The apparatus needed are a pair of hand grippers, a barbell and two lightweight dumbbells. There are essential exercises that should be practiced before the hand grip exercises begin. It is important in any exercise routine to warm up and flex the hand muscles before carrying out these simple tasks.
- Raise the hands in front of the body. Keep the shoulders down. Make sure hands are parallel to the floor, then raise both hands so that the palms are facing the front. The fingers should be straight and pointed upward.
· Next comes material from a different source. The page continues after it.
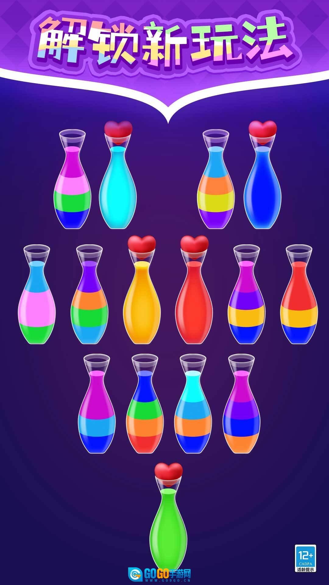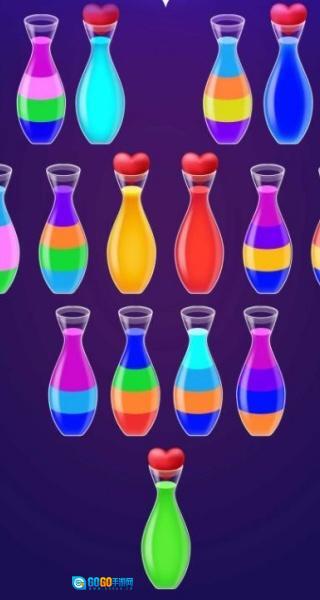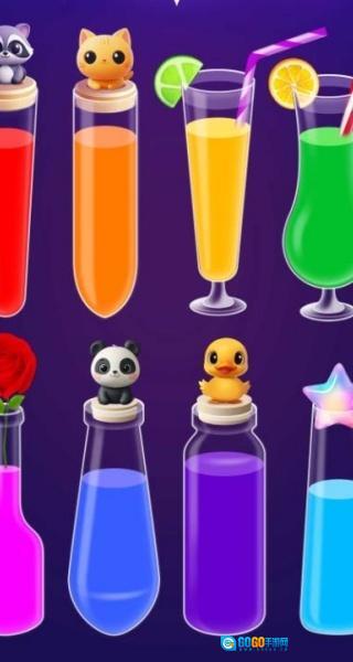 1、开始游戏时会看到多个盛有彩色液体的瓶子,需要通过倾倒液体的操作,把相同颜色的液体集中到同一个容器里。

- Hold this position for 30 seconds. Breathe in and out slowly and easily, and then allow the arms to collapse. Shake the arms and hands to lower the tension.
- Hold hands in a fist and point toward the ground for 30 seconds. Shake away the tension as before.
- Make another fist with both hands. This time the thumb should be tucked inside the fist. Twist the hand and hold them straight ahead. The left hand should be drawn in to grab the right fist. The left hand should then pull in the right fist. This sequence should be repeated by swapping the hands over.
Grippers are small devices with two handles and a tension in the centre. Hold the gripper in one hand, and clamp down on it as hard as you can. When you’re ready, pass it to the other hand. The exercise can be repetitive or involve holding in a closed position for a specific time period. Just give it a go and see how you feel.
Where timed hold exercises are concerned, hold as long as possible and try to repeat that period with the other hand. Speed repetition exercise can also be beneficial to hand strength using the gripper.
Ball Squeezing Exercises
Holding a ball in one hand and squeezing is a good way to strengthen the hand. To begin with, try squeezing for one minute. The hand can be raised above the head or held directly out in front of the body. Pass the ball to the other hand and repeat the exercise. This is a great way to exercise your wrists and forearms, but it’s cheap too. You don’t have to buy any specialist equipment like a gripper. Even so, the gripper will give you an edge. It’s a good piece of kit that you can pick up from Amazon or other online stores for cheap, and will exercise your muscles more vigorously. But if you don’t have the money to spare, squeezing a rubber or fabric ball is a good alternative.
Dumbbells help build the muscles in the forearm and the hands simultaneously. This exercise is fairly easy and requires 2 x 5 kg (11 lbs) dumbbells. Pick up both dumbbells and hold at a 90-degree angle. Arms should be bent in front of the body.
The elbows should be positioned by the side of the body and shoulders relaxed. This stance helps to reduce injury or muscle tear during any sudden jerk and lift movement.
At the next point, the dumbbells should be twisted away from the side of the body. Caution should be taken not to place too much strain on the wrist. Once there is sufficient experience in performing this exercise, the wrists can be rotated the opposite way.
Static Barbell Hold
The next hand grip exercise to be reviewed is the static barbell hold. The barbell should be grabbed at the lift area and hoisted up. The arms should be bent and form a 90-degree angle. Keep the upper arm by the side of the body.
The barbell should be held in position for two minutes. Wrists must be kept straight. If this exercise if too difficult first time around, the barbell hold duration should be limited to one minute.
As the exercise advances over weeks, try to wrap a towel around the barbell lift area. This makes the hand grip even tighter. It helps to emphasise the importance of a strong grip. A powerful hand grip is important in sports like wrestling and judo.
Incorporating Other Muscles Leading Down to the Hands
Shoulders and forearms should also be exercised to keep the hands strong. Press-ups and cobra poses are important to build muscles in the shoulders, arms and forearms. The entire range of muscles leading to the hands will help with dexterity and strength across the upper body. Many yoga poses are also dynamic for upper shoulder and forearm strength. As always, mix and match so that you get a varied workout and train as many muscles as possible.